Imagine a small village made of 4 houses close to each other (e.g. 10 meters). At 1 kilometer from those, you have another very isolated house. Now, you arrive in that town and want to build your own house somewhere. You want to live close to the other houses and be friend with everybody. Consider those two alternative scenarios:

  1. You decide to be at the location where the average distance to any house is the smallest (i.e. minimizing a L1 loss function).

    • If you put your house at the center of the village, you will be around 10 meters away from 4 houses and 1 kilometer away from one house, which gives you an average distance of about 200 meters (10+10+10+10+1000 / 5).
    • If you place your house 500 meters away from the village, you will be around 500 meters away from 5 houses, which gives you an average distance of 500 meters.
    • If you place your house next to the isolated house, you will be 1km away from the village (4 houses) and around 10 meters away from 1 house, which gives you an average distance of about 800 meters.

    So the lowest average distance of 100 meters is reached by building your house in the village. More specifically, you will build your house in the middle of these 4 houses to gain a few more meters of average distance. And it turns out that this point is the "median point", that you would have obtained similarly using the median formula.
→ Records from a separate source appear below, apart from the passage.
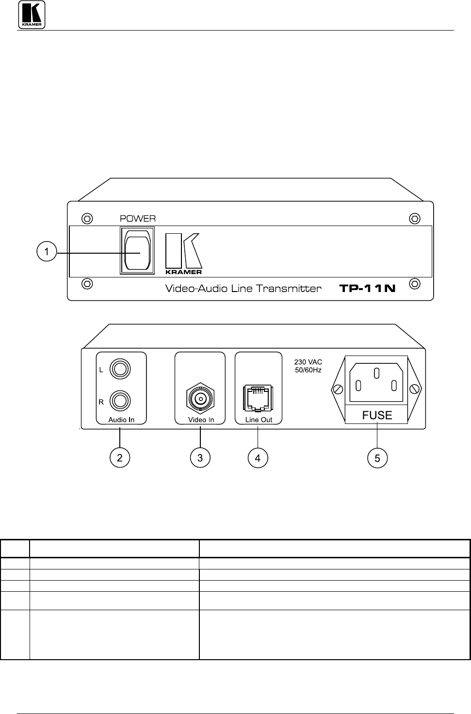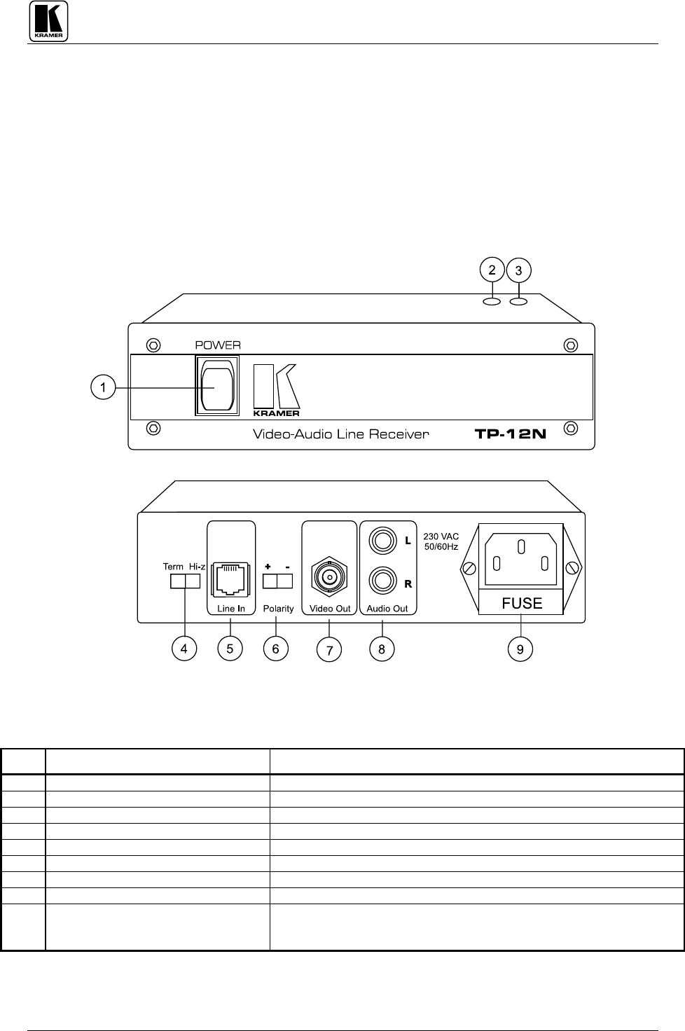 TABLE 5:TP-12N FRONT/REAR PANEL FEATURES
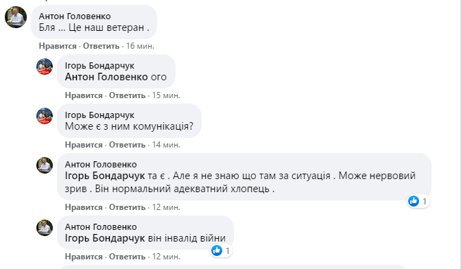В коментарях під відеороликом один з депутатів міськради Ірпіня Антон Головенко також розповів, що цей чоловік - ветеран війни.  Цю ж інформацію підтвердив кореспондент "СтопКору".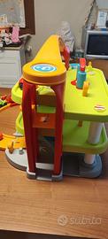 Vendo pista per macchinine Smoby usata ma in ottime condizioni, completa di set di mezzi di trasporto: auto, camion, elicottero e altri veicoli inclusi.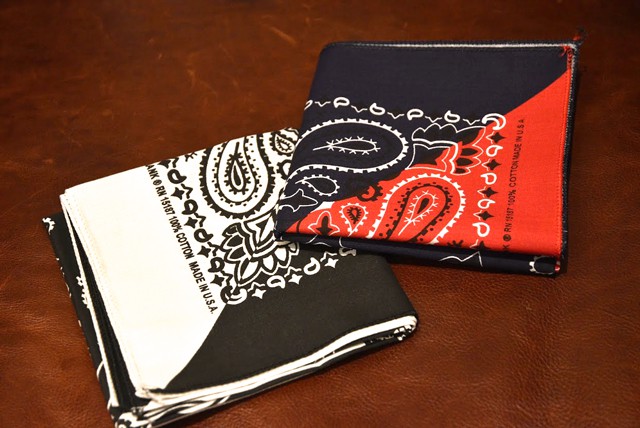 「ペイズリー柄ですが、こちらのバンダナはバイカラーになっており、気分によって使い分けたりも出来る、一度で二度美味しい感じになっておりますよ。」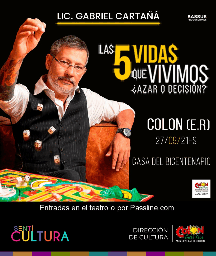 Con una propuesta que combina reflexión, humor y participación del público, Gabriel Cartañá llega a Colón con su charla–espectáculo “Las 5 vidas que vivimos”, una invitación a explorar las distintas etapas, roles y decisiones que nos atraviesan. El formato, ya presentado con gran convocatoria en otras ciudades, propone un recorrido claro y cercano para comprender qué lugar ocupa cada “vida” y cómo mejorar el presente.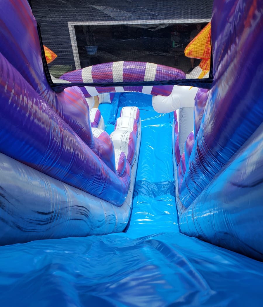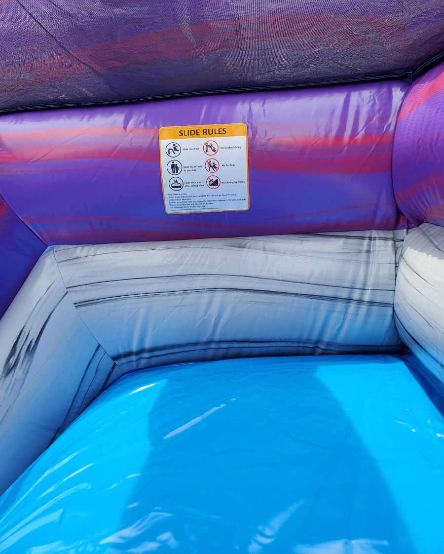 Get ready for an electrifying experience with our 19 ft Thunder Water Slide! This eye-catching inflatable slide features a vibrant purple design with pink marbling, adorned with fluffy clouds and lightning bolts. It's sure to make a big statement at your next birthday party or event. âĄ

  2. You decide to take a democratic approach. You ask each of your five future neighbors their preferred location for your new house. They all like you and want you to live close to them. So they all state their preferred location to be the spot just next to their own house. You take the average of all the voted locations of your five neighbors, and the result is "200 meters away from the village" (average of the votes: 0+0+0+0+1000/5 = 200), which is the "mean point" of the 5 houses, that you would have obtained similarly using the mean formula. And this location turns out to be exactly the same that mimimizes the sum of squared distances (i.e. L2 loss function). Let's just do the math to see it:
    • At this location, the sum of squared distances is: 200^2 + 200^2 + 200^2 + 200^2 + 800^2 = 800 000
    • If we build the house in the center of the village, our sum of squared distances would be: 0^2 + 0^2 + 0^2 + 0^2 + 1000^2 = 1 000 000
    • If we build build the house at 100 meters away from the village (like in 1), the sum of squared distances is: 100^2 + 100^2 + 100^2 + 100^2 + 900^2 = 850 000
    • If we build the house at 100 meters away from the isolated house, the sum of squared distances is: 900^2 + 900^2 + 900^2 + 900^2 + 100^2 = 3 250 000

So yes, it is interesting to notice that, a bit counter-intuitively, when we minimize the sum of the distances, we don't end up being in the "middle" in the sense of the mean, but in the sense of the median. This is part of the reason why OLS, one of the most popular regression models, uses squared errors rather than absolute errors.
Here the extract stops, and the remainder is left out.